6 big trends for hospitality real estate in Q1

Oracle Hospitality is the exclusive Technology Partner of the HI Investor Council

Oracle Hospitality

How is the hotel investment sector set for 2024? What trends should we paying attention to and which should we be ignoring? We recently gathered together a select group of investors to discuss the ins and outs in our Q1 Investor Council meeting. Below are a selection of the key nuggets from that discussion.

1. Underwriting gets back to normal

We’re now four years on since the start of the Covid-19 pandemic. Obviously hotels felt the impact from lockdowns immediately but in terms of investing the unpredictable nature of the period made underwriting incredibly challenging. The good news is that although there are still plenty of moving parts to the macro economy, underwriting has gone back to normal. Now, it's a case of understanding you can underwrite based on costs going up or down in the future, which is a normal part of the economic life of any operational sector. 

2. Supply restrictions in the UK can help demand

The supply pipeline in a lot of UK markets remains gummed up, which can be a good or bad thing depending on how you want to look at it. On the demand side of things it likely means rates should be fairly healthy over the next five or so years, even if the numbers themselves don’t necessarily keep the same pace as they have been doing.

3. Interest rates and inflation vs geopolitics

How much does geopolitics impact hotel investment? Well, of course it depends on the locations you are operating in and your key source markets. There is still war in the Middle East and in Ukraine and there are key elections in the US and elsewhere.  But what will be the effect on hospitality?

  • Assets in key gateway cities, perceived as being far away from conflict will continue to be prized. Think London, Paris, Madrid, Lisbon.
  • The key things is the impact on interest rates and inflation and what that will do to the cost of capital.
  • In the US we could see investors holding back ahead of a contentious election with increased activity in 2025.

4. Structuring deals is key

With dealmaking still on the scarce side and the bid-ask spread still sizeable, buyers are having to get creative when it comes to financing acquisitions. This could mean refereed equity or seller financing. As one investor remarked: “You don’t have a fight over value, you have a fight about the waterfall.” In some cases the market remains stuck with deals stuck because the financials just don’t stack up. It might be the case, however, that some potential buyers will look back on this period with regret in a year’s time, simply because they couldn’t come up with the right solution to get a deal over the line.

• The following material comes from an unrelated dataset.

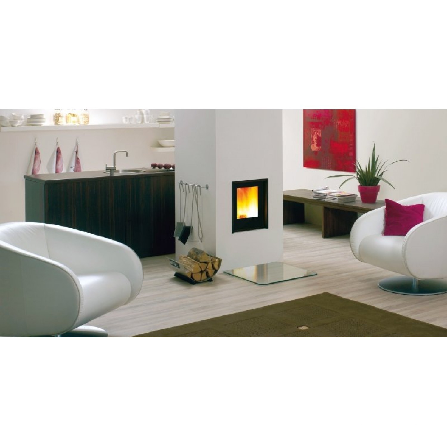Процесс горения поддерживается принудительной подачей воздуха, которая к тому же эффективно регулируется, обеспечивая контроль мощности. Прямые стекла обоих окон защищены от гари и копоти, что позволяет сохранять отличный обзор камеры сгорания без лишних усилий.

5. Private credit muddies the water

Towards the end of 2022 it started getting trickier to raise money as interest rates and inflation really started to bite. Those difficulties continued throughout most of 2023 creating a capital distribution gap. Subsequently lot of investors, in order to get LPs to come into their funds and get to their final close started talking about distressed credit. At the end of the day, there was still an issue of getting enough capital into those funds and it was quite difficult when everyone went real long, to then reverse course, and talk in equity game.

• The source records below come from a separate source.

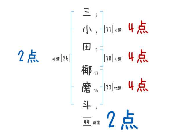 総運![]() | 三小田椰磨斗さんの総運は44画の2つ星!誠実で慎重な性格。物事を考えすぎないように注意しましょう。 あなたの人生を表す1番重要な運勢です。生涯を通じて影響する総合運となり、主に50歳以降の晩年期に影響を及ぼします。 |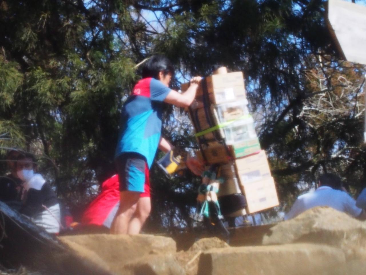 下社からの合流地点で、歩荷(ぼっか)のお兄さんが休憩していた。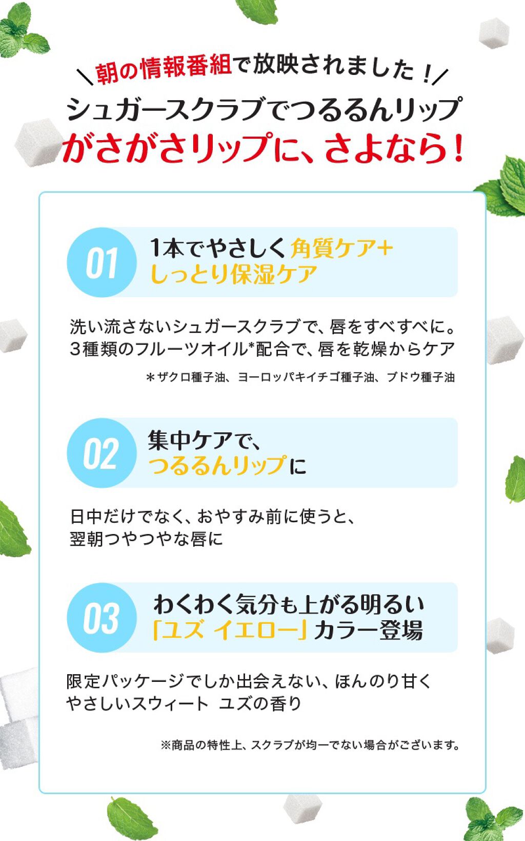 - 洗い流さなくてもよいシュガースクラブで、やさしく唇の角質をオフ。 そして、3種類のフルーツオイル*配合で保湿効果も高く、乾燥から唇を守ります。 ひと塗りで、ぷるんとすべすべ、キスしたくなる唇に! *ザクロ種子油、ヨーロッパキイチゴ種子油、ブドウ種子油

6. Labour still a challenge

A high inflation environment has meant increased wages and hotel investors and operators have had to get used to the P&L having a different shape to it post 2020. During the lockdown, many individuals left the industry, leading to challenges for companies in attracting and retaining staff, with employees now having the upper hand. In November the UK government announced a 9.8 per cent rise in the national living wage, starting in April 2024. The mandatory rate of hourly pay will increase from £10.42 to £11.44 per hour.

One investor said that their staffing costs had increased by £800,000 a year. “You just have to work even harder, top line, to cover the ills, in the cost structure and the p&l,” they said.

The flip side of inflation is that it has meant increased revenue so that businesses can cover these increased costs from labour and utilities. But as that inflation falls away, and nominal growth kind of slows down that minimum wage could really sting people.